Only the pictures are to be dropped; the rest of the data below is to be duplicated exactly.

**** Supplied data ****

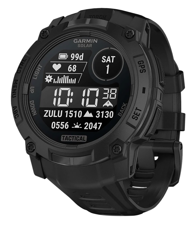 The Garmin Instinct 3 50mm Solar is a rugged tactical smartwatch designed for outdoor and military applications. Features solar charging capability to extend battery life in field conditions. Built with durable construction suitable for demanding environments.
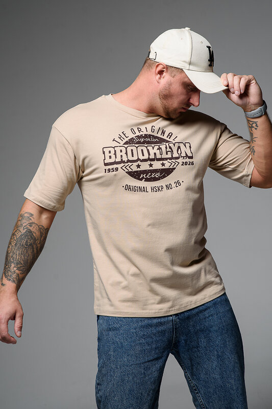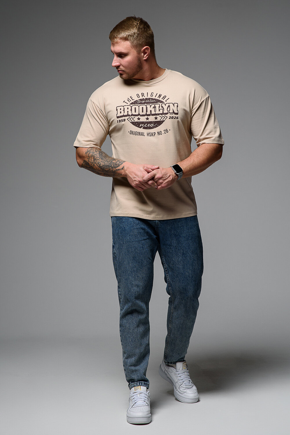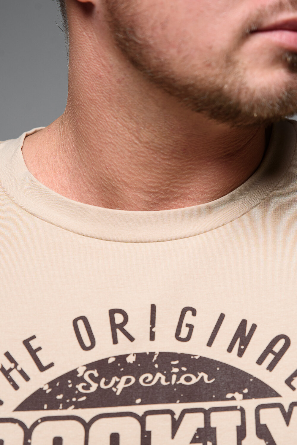Футболка прямая, средней длины, с округлой горловиной. Рукав короткий. Горловина обработана обтачкой.
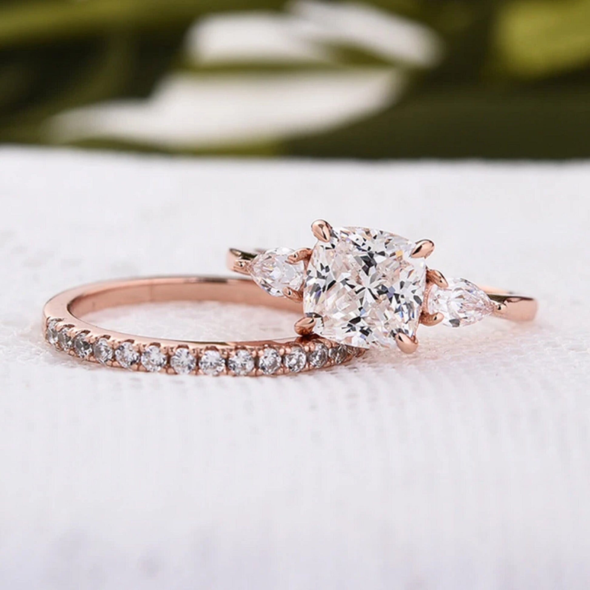 2ct Cushion Cut Moissanite Engagement Ring Set/Classic Three Stones Ring Set/14K Gold Ring/Vintage Bridal Set/Unique Wedding Set for Women

****

__Completed exercise__:
 The Garmin Instinct 3 50mm Solar is a rugged tactical smartwatch designed for outdoor and military applications. Features solar charging capability to extend battery life in field conditions. Built with durable construction suitable for demanding environments.
Футболка прямая, средней длины, с округлой горловиной. Рукав короткий. Горловина обработана обтачкой.
 2ct Cushion Cut Moissanite Engagement Ring Set/Classic Three Stones Ring Set/14K Gold Ring/Vintage Bridal Set/Unique Wedding Set for Women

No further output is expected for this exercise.